Task details: Set down exactly the lines from the one containing "Abraham + Ivy" to the final line of the records below, with every picture omitted.

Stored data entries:
^^^^

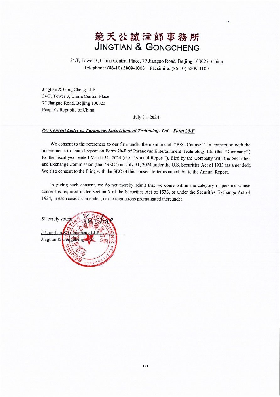 EX-99.1 19 pavs_ex991.htm CONSENT pavs_ex991.htm
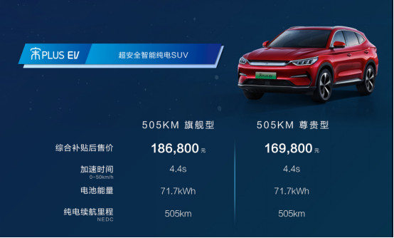 宋PLUS EV為一線都市精英而來,是一款超安全智能純電SUV。它延續(xù)了“寬體低趴”的造型風格,擁有新B級大軸距奢享空間。佩刀升級的宋PLUS EV配合全新一代智能溫控系統(tǒng),及德系豪車底盤調(diào)校,輕松突破505km續(xù)航,0到50km加速時間快至4.4秒。全系配備360°高清全景影像系統(tǒng)、全息透明影像系統(tǒng)、智能遙控駕駛、新能源專屬的移動電站、VTOL 220V電源輸出等超智能科技配置,引領(lǐng)使用價值新高度!宋PLUS EV綜合補貼后價格為16.98萬元-18.68萬元。
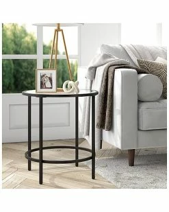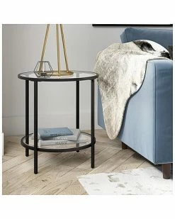 Abraham + Ivy Sivil Satin Nickel Round Side Table With Glass Shelf Home
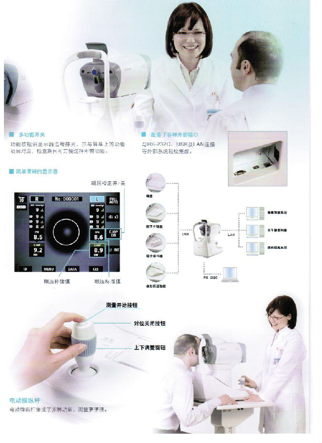 "全自动"模式操作简便,可以即刻顺利获得测量值。此外,即使医生站立查看,彩色液晶显示器也可调整至方便查看的角度,更方便操作
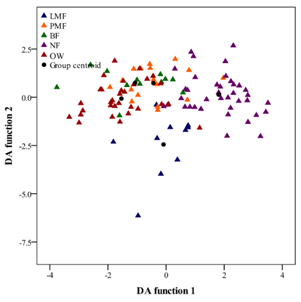 *LMF:落叶松混交林;PMF: 红松混交林;BF: 阔叶林;NUF: 林区非林下群落;NF:非森林区群落

^^^^

Result of the exercise:
 Abraham + Ivy Sivil Satin Nickel Round Side Table With Glass Shelf Home
 "全自动"模式操作简便,可以即刻顺利获得测量值。此外,即使医生站立查看,彩色液晶显示器也可调整至方便查看的角度,更方便操作
 *LMF:落叶松混交林;PMF: 红松混交林;BF: 阔叶林;NUF: 林区非林下群落;NF:非森林区群落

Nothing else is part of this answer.